Figure 4. (a) Two-dimensional and ORTEP representation of compound 7 crystals with 50% probability thermal ellipsoids, and; (b) Two-dimensional and ORTEP representation of compound 8 crystals with 50% probability thermal ellipsoids formed by the silver nitrate promoted dechlorination of complexes 2 and 3 respectively. In both cases, chloride cannot be removed without being replaced by an additional ligand.
We hypothesized that these undesired coordination reactions could be avoided by stabilizing the halogenated precursor using a ligand with more flexibility and larger bite angles. To this end, we set out to synthesize complexes of this type (Figure 5). While we have recently produced two such ligands, although no metal complexes have yet been made which contain either of these ligands.

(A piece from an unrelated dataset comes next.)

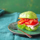 INGREDIENTES:4 aguacates partidos por la mitad1 pimiento rojo fileteado1 pimiento verde fileteado1 pimiento amarillo fileteado1 pimiento naranja fileteado1/2 col morada rallada1/2 lechuga deshojada4 rebanadas de quesoMayonesa1...

Figure 5. Synthesis of various ligand sizes to generate ring systems to reduce strain of the metal complex.
To this end, we also set out to streamline the synthesis of alternate ligands using solid phase peptide synthesis. This turned out to be a highly effective approach for generating alternate ligands like 9 (Figure 6). In fact, several hundred milligrams of this ligand was successfully produced from picolinic acid and subsequent additions of FMOC-beta-alanine to Rink amide resin. However, the procedure used to produce each of the metal complexes requires that the ligand be used in vast excess. In the interest of efficiency, we are in the process of generating a new procedure to generate metal complexes using less of this more precious ligand.

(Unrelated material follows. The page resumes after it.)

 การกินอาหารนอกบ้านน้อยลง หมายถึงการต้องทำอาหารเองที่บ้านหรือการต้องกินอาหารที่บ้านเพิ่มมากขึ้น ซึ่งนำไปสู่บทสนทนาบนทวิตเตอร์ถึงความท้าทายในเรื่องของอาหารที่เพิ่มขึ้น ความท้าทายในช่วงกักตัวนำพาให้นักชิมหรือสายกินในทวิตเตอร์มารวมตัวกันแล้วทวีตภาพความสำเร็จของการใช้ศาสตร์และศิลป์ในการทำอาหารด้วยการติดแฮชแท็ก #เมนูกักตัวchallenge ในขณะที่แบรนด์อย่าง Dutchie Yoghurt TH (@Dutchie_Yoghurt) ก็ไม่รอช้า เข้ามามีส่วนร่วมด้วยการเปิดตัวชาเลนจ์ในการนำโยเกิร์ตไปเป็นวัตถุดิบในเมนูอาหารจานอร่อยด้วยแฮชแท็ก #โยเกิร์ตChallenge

Figure 6. Successful synthesis of alternate peptide ligands, such as ligand 9 using FMOC-protected peptide synthesis on Rink-amide resin.
We then set out to examine the reactivity of each of the structurally characterized complexes in epoxide opening and epoxide formation reactions using a wide variety of conditions, by varying solvent, temperature, oxidant, substrate, etc. Since each of the metal complexes demonstrated low solubility in most organic solvents except methanol, most reactions required biphasic conditions to solubilize both the substrates and the catalyst, as well as any necessary oxidants. This is in sharp contrast to Jacobsen's epoxidation catalysts, which are quite soluble in relatively hydrophobic organic solvents like CH2Cl2. To address this solubility issue, peptide synthesis was used to generate novel ligands, with an eye toward adding hydrophobic groups to improve solubility, and eventually, stereocontrol. In addition to making more hydrophobic metal complexes, we also sought more polar substrates, like resveratrol, which could be used in a monophasic epoxidation reaction with the catalyst.

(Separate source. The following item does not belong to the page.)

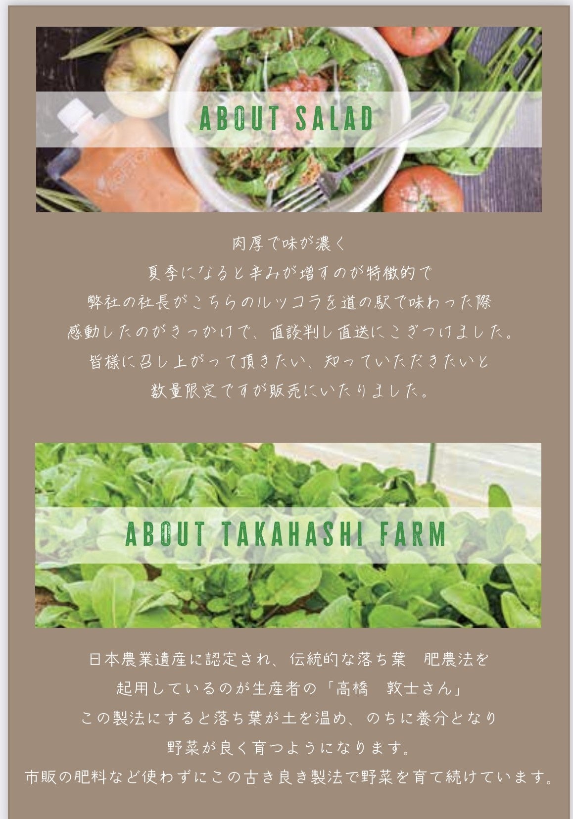埼玉県入間郡三芳町にある高橋農園さんのルッコラを、弊社の社長が頂いた際に感動し、猛アプローチの末コラボが実現されました。

In lieu of a table of the hundreds of reactions we attempted to find a catalyst and conditions to epoxidize an alkene or open an epoxide we have included the following summary. We found no conditions where complexes 2, 3, 7, or 8 (20 mol %) would accelerate the opening of an epoxide of styrene oxide, stilbene oxide, or propylene oxide in MeOH, EtOH, iPrOH, ACN, DCM, EtOAc, Hexane, H20 or aqueous mixtures of these solvents at any temperature between 4oC and their respective boiling points. In addition, we found no conditions where complexes 2, 3, 7, or 8 (20 mol %) would accelerate the epoxidation of 1-octene, styrene, resveratrol, or stilbene in the aforementioned solvent mixtures at any temperature between 4oC and their respective boiling points.